SUPERINTENDENCIA DE SERVICIOS PÚBLICOS DOMICILIARIOS

Radicado No.: 20091300047761

Fecha: 04-02-2009

CONCEPTO SSPD-OJ-2009-087

ALEYDA CASTRO

alcapa2607@hotmail.com

Ref. Su Solicitud de Concepto(1)

Se basa la consulta objeto de estudio en determinar cuáles son los pasos a seguir después que el silencio administrativo sale a favor del usuario y por que la empresa (telecom) lo reporta a datacrédito perjudicando al usuario comercialmente.

Antes de responder sus inquietudes, es preciso señalar que los conceptos emitidos por la Oficina Asesora Jurídica de la Superintendencia de Servicios Públicos Domiciliarios, en respuesta a un derecho de petición en la modalidad de consulta de acuerdo con lo dispuesto por el artículo 25 del Código Contencioso Administrativo, son orientaciones y opiniones o puntos de vista, que no comprenden la solución directa de problemas específicos, ni el análisis de situaciones particulares. Por lo tanto, la respuesta es general y no tiene carácter obligatorio ni vinculante.

Hechas las anteriores precisiones, esta Oficina se pronunciará de manera general sobre el tema consultado, en los siguientes términos:

De conformidad con lo establecido en el artículo 158 de la Ley 142 de 1994, las empresas prestadoras de servicios públicos deben expedir las respuestas a las peticiones que presenten suscriptores o usuarios dentro del término de quince (15) días hábiles contados a partir de la fecha de su presentación. Pasado este término, salvo que se demuestre que el suscriptor o usuario auspicio la demora, o que se requirió la práctica de pruebas, se entenderá que la respuesta a la petición se resolvió de manera favorable, toda vez que opera el silencio positivo y por tanto, se produce un acto administrativo presunto generador de derechos para sus titulares.

Para efectos del reconocimiento de los efectos del silencio positivo no hay que seguir el procedimiento del artículo 42 del Código Contencioso Administrativo, esto es, no se requiere elevar a escritura pública la petición, teniendo en cuenta que la Ley 142 de 1994 no dispone tal solemnidad para su operancia en el caso de los servicios públicos domiciliarios.
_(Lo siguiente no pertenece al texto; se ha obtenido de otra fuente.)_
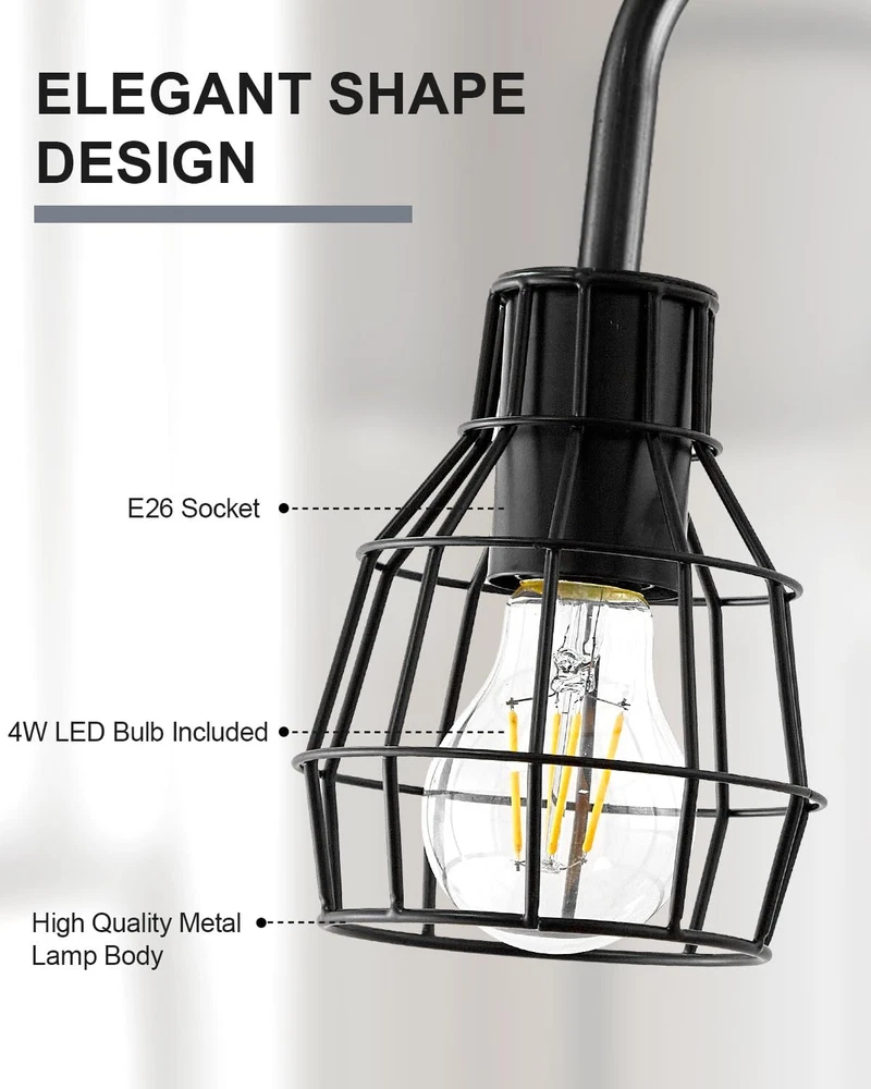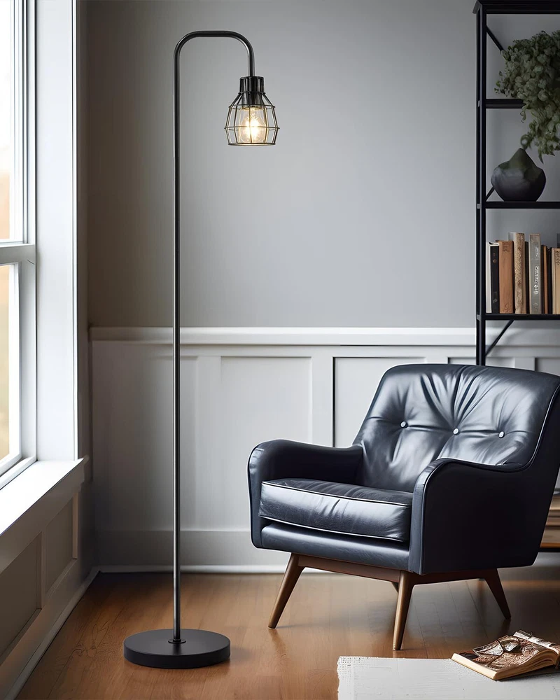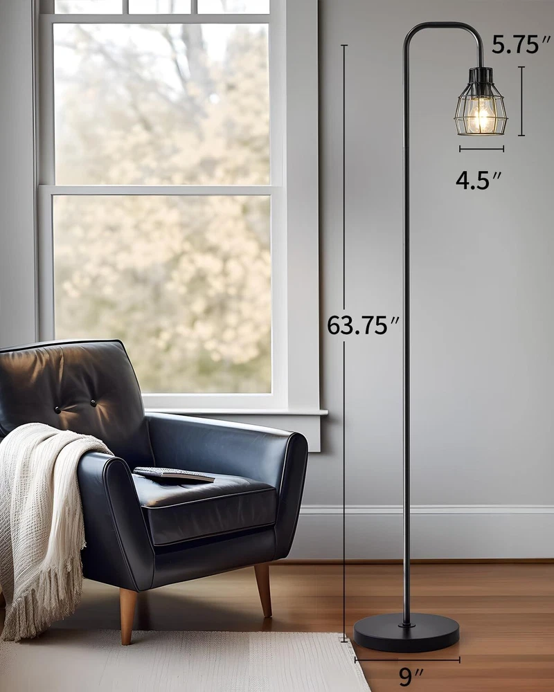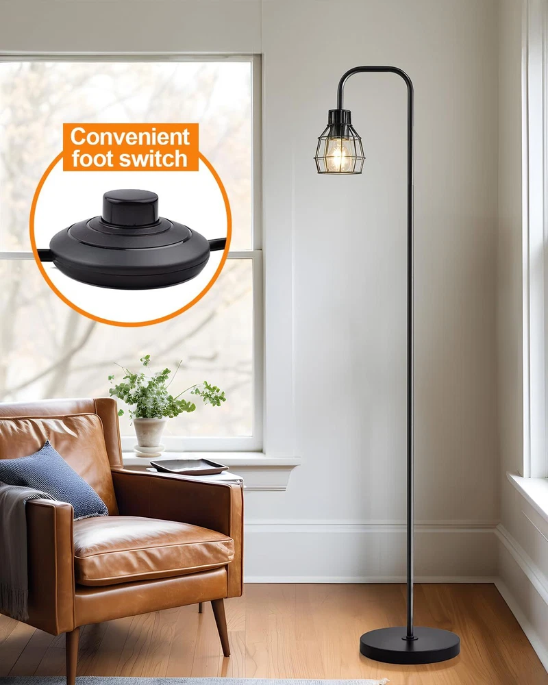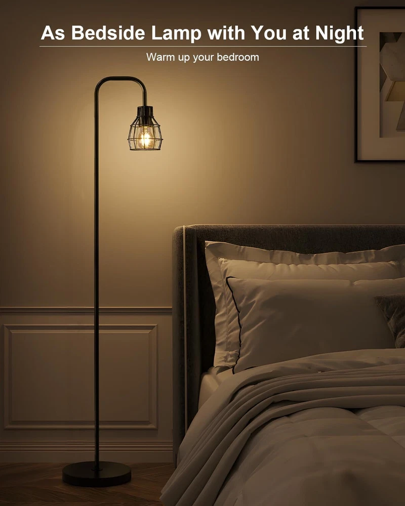 Industrial Floor Lamp: The Reading light With design of the elegant, simple black metallic construction make the modern floor lamp well matched to styles of industrial, vintage and farmhouse furnitute. The special birdcage lampshade makes it ideal for multiple styles of decoration, such as minimalist, industrial and mid-century. The multi-head design cage shade lampshade brings soft warm light you need and adds decorative effect to your room Standing Lamp with 4W LED Bulb: 4W LED bulb included! You can customize this living room floor lamp with different shapes of any E26 base light bulbs to meet your daily lighting needs and home decoration needs. This floor lamp for living room gives off warm, soft 2700K warm white lighting and creates a comfortable and gorgeous ambiance to your living room, study room, den, bedroom for instant reading, working, sleeping and dinning Modern Floor Lamp with Foot Switch: When you go home with shopping at night, you want to turn on/off the lights but find your hands are busy, Congratulations!!! Please don't hesitate to step on this foot switch! This reading light with foot switch will be your favorite choice! The foot switch design of black classic reading light adds the greatest convenience to your home lighting Minimalist floor lamp for office: The simple design makes the stand lamp suitable for various locations such as bedroom, study, living room, office, and more. The thin design saves space making it perfect for any location.The tall pole floor lams with foot switch design is very suitable for use by all groups of people, including the elderly and children ,fully enjoy the convenience of the floor lamp We always focuses on the needs of our customers, that's why we're constantly upgrading our products. We want to ensure that every one of our customers has a pleasant shopping experience

Lo anterior significa que el silencio opera de manera automática y la empresa deberá, dentro de las 72 horas siguientes al vencimiento del término de los 15 días hábiles, reconocer los efectos del silencio administrativo positivo. Si la empresa no lo hace, el peticionario podrá solicitar a la Superintendencia de Servicios Públicos la aplicación de las sanciones correspondientes. Así mismo, como consecuencia de dicha actuación, la Superintendencia puede adoptar las medidas que haya lugar para hacer efectivo el silencio.

Es así como el artículo 158 de la Ley 142 de 1994 dispone:

“ARTÍCULO 158. DEL TÉRMINO PARA RESPONDER EL RECURSOCULO 158. DEL TÉRMINO PARA RESPONDER EL RECURSO. Subrogado por el artículo 123 del Decreto 2150 de 1995. De conformidad con lo establecido en el artículo 158 de la Ley 142 de 1994, toda entidad o persona vigilada por la Superintendencia de Servicios Públicos, prestadora de los servicios públicos domiciliarios de que trata la citada ley, tiene la obligación de resolver las peticiones, quejas y recursos que presenten los suscriptores o usuarios en desarrollo de la ejecución del contrato de servicios públicos, dentro del término de 15 días hábiles, contados a partir de la fecha de su presentación.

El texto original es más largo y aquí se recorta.